Born in 1905 near Como, Albini graduated in architecture from the Milan Polytechnic in 1929 and worked briefly in Gio Ponti’s studio before setting up his own Milan practice with Renato Camus and Giancarlo Palanti. The late-1920s were pivotal years for European modernism, with architects such as Mies van der Rohe and Marcel Breuer in Germany and Le Corbusier in France establishing a new aesthetic and functionalist agenda that was to propel the course of 20th-century design. Albini’s visits to Mies’ Barcelona Pavilion and Le Corbusier’s studio in 1929 and the era’s lively climate of change and experimentation were crucial influences in the formation of the rationalist ideology that defined his subsequent career.
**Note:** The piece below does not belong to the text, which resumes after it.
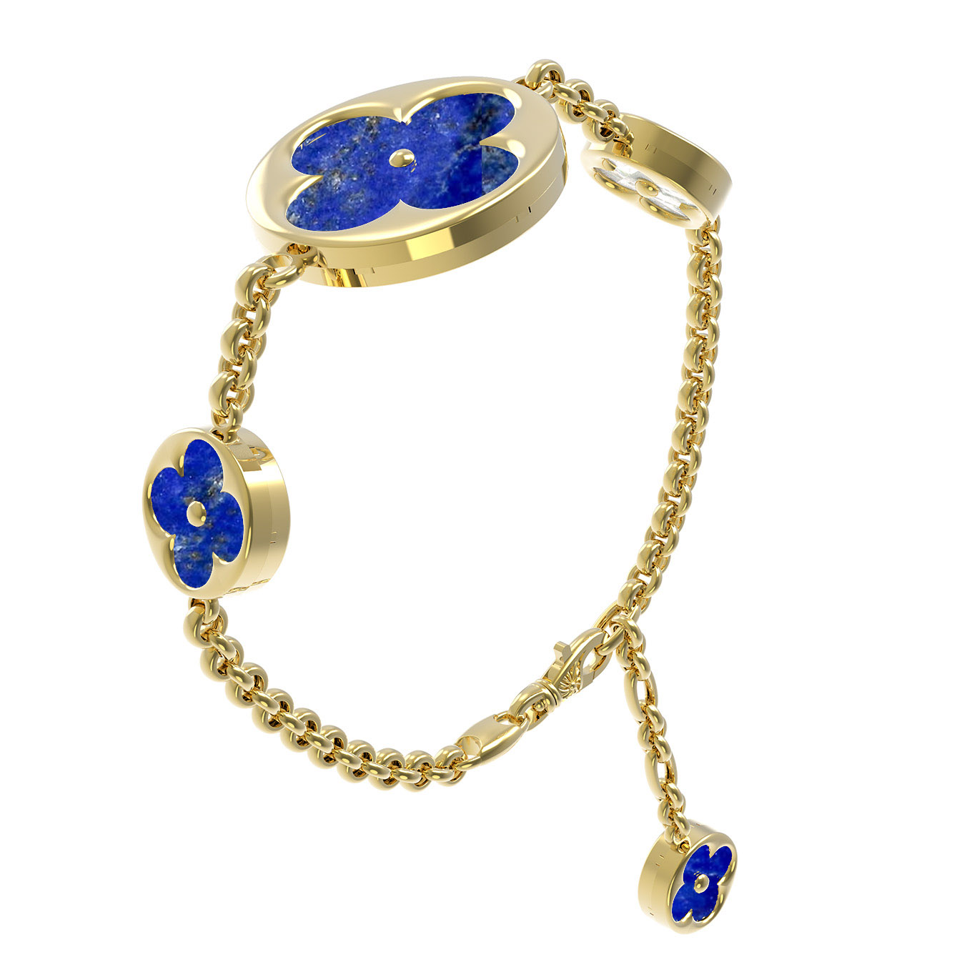 В дизайне модели гармонично сочетаются 4 вставки круглой формы: глубокий, насыщенный синий лазурит и нежный перламутр создают изысканный контраст. Лимонное золото подчеркивает яркость вставок, делая браслет заметным и стильным аксессуаром. Благодаря универсальной эстетике, это украшение одинаково эффектно смотрится как на женской, так и на мужской руке, подчеркивая индивидуальность владельца.

During the 1930s – the height of fascist Italy - Albini gravitated towards a small group of progressive Italian architects, the Rationalists, who were questioning the continuing relevance of traditional styles. Not surprisingly, their ‘internationalist’ ideology conflicted with the fascist regime’s totalitarian adherence to the twin ideals of nationalism and tradition. Set against this regressive background, Albini nevertheless pursued his investigation of the new design language through furniture, lighting, interiors, exhibition and low-cost housing projects.

Like his avant-garde European contemporaries, Albini articulated this experimental vocabulary using industrial materials – glass, metal, concrete - and the spare geometric interplay of form and line. It was during this decade that he designed his extraordinary transparent radio cabinet - radio components reassembled between two sheets of glass – and his tensile bookshelf - both radical explorations of the interplay of structure and function, of design stripped of extraneous detail. A similar, though more humanist, aesthetic guided Albini’s room installations in the 1936 and 1940 Milan Triennales -- important forums for modern design in the constrained political atmosphere of fascist Italy.
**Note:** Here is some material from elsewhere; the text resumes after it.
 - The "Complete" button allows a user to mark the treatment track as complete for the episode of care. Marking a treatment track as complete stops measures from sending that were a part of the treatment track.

The two decades following WWII were Albini’s most successful and productive years. Coinciding with the reintroduction of democracy and Italy’s unprecedented industrial renaissance (the “Italian Miracle”), this second half of the architect’s career was notable for many collaborations with manufacturers including Cassina, Knoll, Bonacina, Arteluce and Arflex. While innovation and functionalism were still defining criteria, the strict rationalist agenda of his earlier work was relaxed and integrated with a more organic aesthetic that embraced the new legitimacy of traditional vernacular materials. Albini’s most recognisable designs in this new idiom were his cane seating for Bonacina (Margherita and Gala armchairs, 1951), but upholstered furniture for Cassina in the mid-1940s and for Arflex and Poggi in the early-1950s also explored the intersection of the traditional with the modern. One of Albini’s most elegant deviations from the curvy seating of these years was his wooden Luisa chair of 1955, its architectural lines a perfect union of ergonomics and aesthetics. Designed in collaboration with Franca Helg, who had joined Albini’s studio in 1951, it signalled the beginning of a long and fruitful design partnership.